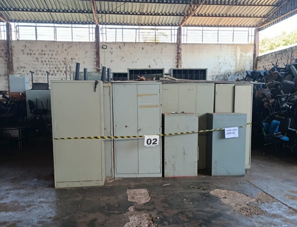 – Lote 2: arquivos e estantes de aço, armários e mesas de aço, além de sucatas.
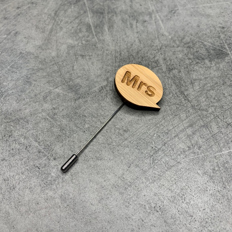 Originální a stylová dámská dřevěná brož s písmeny Mrs - paní.
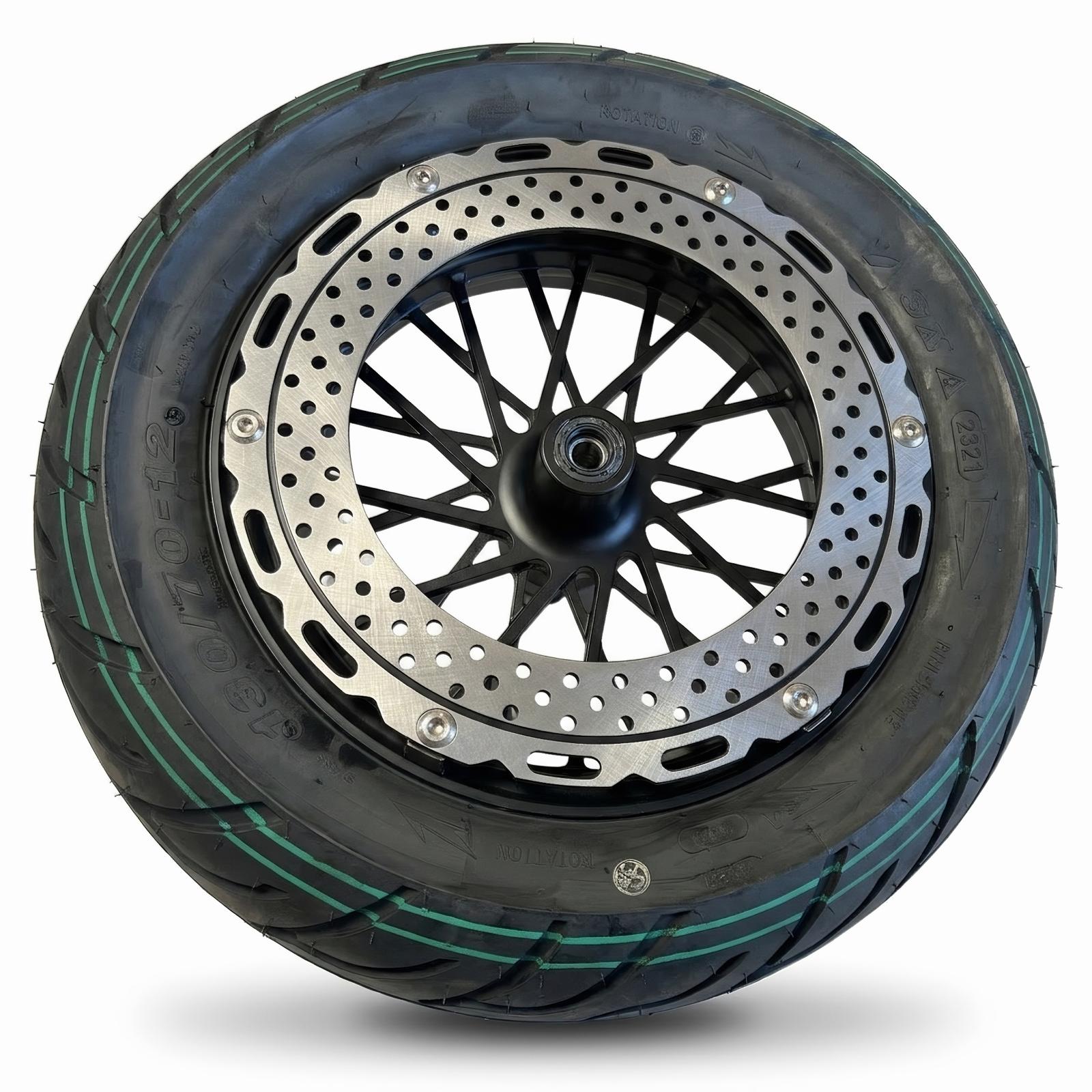 This 130/70-12 front wheel is precisely matched to models such as the Star-Biker M1P, Mangosteen M1P, or Chopper X9 and can be used directly as a spare part.
--
Output each line above exactly. Skip the images.

 – Lote 2: arquivos e estantes de aço, armários e mesas de aço, além de sucatas.
 Originální a stylová dámská dřevěná brož s písmeny Mrs - paní.
 This 130/70-12 front wheel is precisely matched to models such as the Star-Biker M1P, Mangosteen M1P, or Chopper X9 and can be used directly as a spare part.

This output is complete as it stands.